The Red comic book was a gritty, realistic CIA story written by Warren Ellis. The film is a straightforward action-comedy that doubles as an excuse for us to watch Bruce Willis, Helen Mirren, Morgan Freeman and the rest of the gang have fun. It helps that it is executed seamlessly.

The film opens on Frank Moses (Willis), a retired CIA agent with a boring life that has a desperate phone relationship with the customer service agent that deals with his pension check. She is far away, at a call center in Kansas City. Then, mercenaries are hired to kill him in the middle of the night. He makes them all dead and the fun begins.

The story is no letdown. The pendulum pace of action beats is punctuated by gags and one-liners. During the course of things Helen Mirren fires large weapons, John Malkovich chases people with a bomb strapped to his chest and lots of bodies pile up.

And this one time, John Malkovich shot a rocket launcher in the face!

4. When the Wind Blows (1986)
Peggy Ashcroft, John Mills and Robin Houston

If this weren’t strictly a comic book movies website and I were to write a 6 list composed of the things I find most beautifully depressing, this film would make the list – along with “Romeo and Juliet,” internet dating and the guy that got his hands chopped off by a helicopter because he was happy.

When the Wind Blows is the story of an elderly couple caught in a third world war.
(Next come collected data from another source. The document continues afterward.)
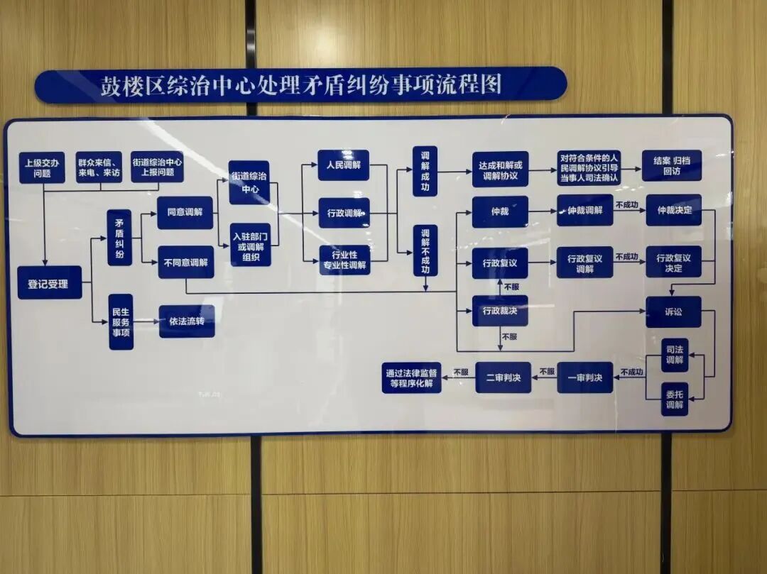 实体平台是“躯干”,工作机制则是“神经中枢”。南京市鼓楼区综治中心创新构建了一套权责清晰、环环相扣的制度体系,确保每一起纠纷都能进入最合适的解决轨道。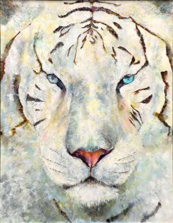 鹿児島県内高校生で初めて二科展・絵画部に入選 初出品の松陽2年・是枝輝星さん ホワイトタイガーを50号キャンバス全体に描いた「孤高」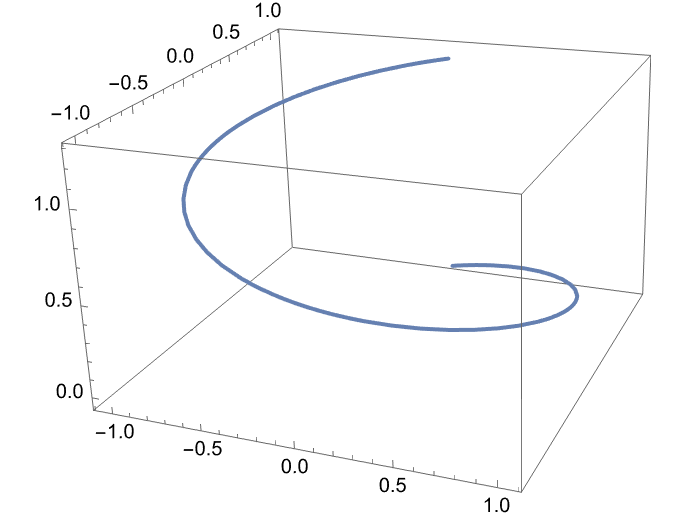 Uma trajetória helicoidal no espaço (\(x,y,z\)) olhando lateralmente.

The government announces an impending nuclear attack by the Soviet Union and the couple are forced to learn how to survive the attack and the resultant fallout. The couple is incredibly naive about the consequences and that allows time for gentle laughter during a story that gets steadily darker.

The soundtrack by David Bowie and Roger Waters presents the mood impeccably. The book was written by Raymond Briggs, who also wrote the legendary, wordless Christmas story, “The Snowman.” His storytelling skills are translated to the screen perfectly and the result is one of the saddest tales everyone should see.

5. Fritz the Cat (1972)
One of the first anthropomorphic animal cartoons certainly not for kids, Fritz the Cat threw wide the door on both the comic book and animation worlds. Fritz was filthy and unashamed, the very definition of hedonism.
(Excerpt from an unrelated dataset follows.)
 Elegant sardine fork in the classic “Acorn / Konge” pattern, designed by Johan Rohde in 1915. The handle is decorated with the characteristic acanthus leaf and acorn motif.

Thanks to its X-rated veneer, many detractors passed Fritz the Cat off as poorly-drawn porn, a statement doubly incorrect. While Fritz was a clear example of life gone terribly wrong, he worked as a shocking vehicle for a sociopolitical message that has since been heard by millions.
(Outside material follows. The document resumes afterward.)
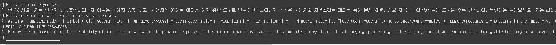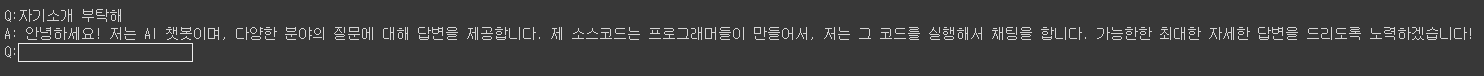 위 코드는 무한 루프이므로 사용자가 중지할 때까지 챗봇과 대화한다.

Robert Crumb, Fitz the Cat’s creator, began drawing the original comic strip in the 60’s, as a way to get his voice heard in the underground magazines of the day. He went on to self-publish his own comic books and that decision created a groundswell of creativity in the comic book community that has led to the medium gaining mainstream credibility.

And all it took was a pornographic cat.

caspercover6. Casper (1995)
Bill Pullman, Christina Ricci and Cathy Moriarty

Shocked Road to Perdition isn’t here? Don’t be. There are enough examples for me to fill a second list like this (and someday I might) and it might be on that one, but this time we’re talking Casper. Millions of young boys fell in love with Christina Ricci when she was in The Addams Family, but Wednesday Addams made it a creepy kind of love that you couldn’t talk about in gym. Casper made it a right out there in the open kind of love.

Casper is a big screen franchise still waiting to happen. The first film was a huge success. It grossed as much as some superhero films and only cost $55 million to make. Unfortunately, it was a slightly uncomfortable film – it is a happy cartoon ghost, so death jokes are bound to arise – and it didn’t go over well with critics and there was never another go-round.

The acting was pretty top notch in the film. There were appearances by Eric Idol, Dan Ackroyd, Ben Stein, Rodney Dangerfield, Fred Rogers, Clint Eastwood and a semi-sane Mel Gibson. Brad Garrett sounded just like the Fatso I imagined from reading the old Harvey comics.

Casper deserves another movie. An appearance by Wendy the Witch or Hotstuff is wanted for us to share with our generation’s kids. Even Spooky (with Pearl!) would be nice.